Posted: Fri Apr 18, 2014 4:05 pm
by davidcoton
It does seem a bit strange to get a run of Bad WUs unless the card is too fast for its own good. My factory overclocked 780Ti (different manufacturer) seems stable under Linux, but I too have failed to find a clock setting utility for Linux.

It will be interesting to know if any of your problem WUs get completed by others -- especially if the alternative is to get the card changed.

David

Re: Project: 9408 (Run 628, Clone 0, Gen 0)

Posted: Fri Apr 18, 2014 4:40 pm
by billford
I think I'm going to have to put it back to advanced and see what happens… and also wait for the GTX 650Ti to get a P9408 to see how that card handles it.

So far both seem happy with P13000/1 and P9406 and, while they were around, the 650Ti thrived on P8900 and P9401, but there's not many ZETA projects around at the moment to get much information and the 780Ti hasn't even been running for 36 hours yet!

I can't do anything until Tuesday at least, so I might as well let it try as many projects as it can to see whether it's the card or if I've just been unlucky with WUs.

Re: Project: 9408 (Run 628, Clone 0, Gen 0)

Posted: Fri Apr 18, 2014 7:29 pm
by cxh
For what it's worth, project 9408 is exactly the same as 9401. So if you ran 9401 just fine, you shouldn't be having any issues with this one.

Re: Project: 9408 (Run 628, Clone 0, Gen 0)

Posted: Fri Apr 18, 2014 7:36 pm
by billford
Yes, I had a feeling it might be… but I've only run 9401's on the other GPU, not this one.

I'll just have to keep my fingers crossed that it was a bad WU. I'll put it back to advanced tomorrow when I can keep an eye on what it downloads.

Re: Project: 9408 (Run 628, Clone 0, Gen 0) [RESOLVED]

Posted: Sat Apr 19, 2014 6:42 am
by billford
It would seem to be the card… picked up a p9101 and:

Code: Select all

05:06:38:WU00:FS01:0x17:Completed 25000 out of 2500000 steps (1%)
.
05:24:28:WU00:FS01:0x17:Completed 100000 out of 2500000 steps (4%)
05:24:32:WU00:FS01:0x17:Bad State detected... attempting to resume from last good checkpoint
05:26:22:WU00:FS01:0x17:Completed 75000 out of 2500000 steps (3%)
05:35:12:WU00:FS01:0x17:Completed 100000 out of 2500000 steps (4%)
05:35:16:WU00:FS01:0x17:Bad State detected... attempting to resume from last good checkpoint
So it's back to normal mode and p13000/1 until I get it sorted.
davidcoton wrote:but I too have failed to find a clock setting utility for Linux. … especially if the alternative is to get the card changed.
I don't really want to change the card, it's a lot of hassle and unless I go for a stock (ie significantly slower :( ) one there's no guarantee it'll work, and I don't think I'd have much luck swapping a perfectly good card on a second occasion!
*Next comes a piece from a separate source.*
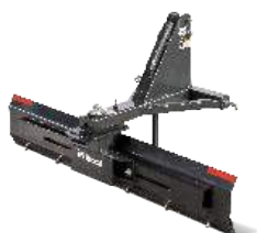
3 pt. angle blade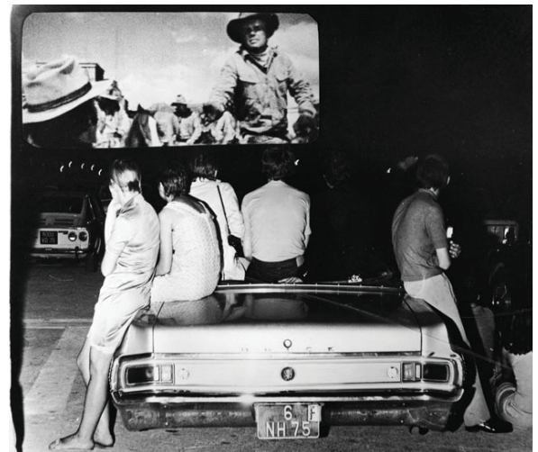
GOOD OLE FASHIONED FUN: (bottom) fa 1970s photo shows a Buick Convertible serving as seating for an unknown cowboy movie.

There is another possibility- swallow some principles and install Windows.

If I understand correctly what's on the driver DVD there's a tweaking utility included, and it may only need a very small clock reduction. It'll be a pretty much dedicated folding machine so I won't have to get too familiar with the OS, the biggest problem would likely be the learning curve- the last version of Windows I used was Vista!


edit- seems I can still pick up legal copies of Vista for a lot less than W7/8, that might be a better route.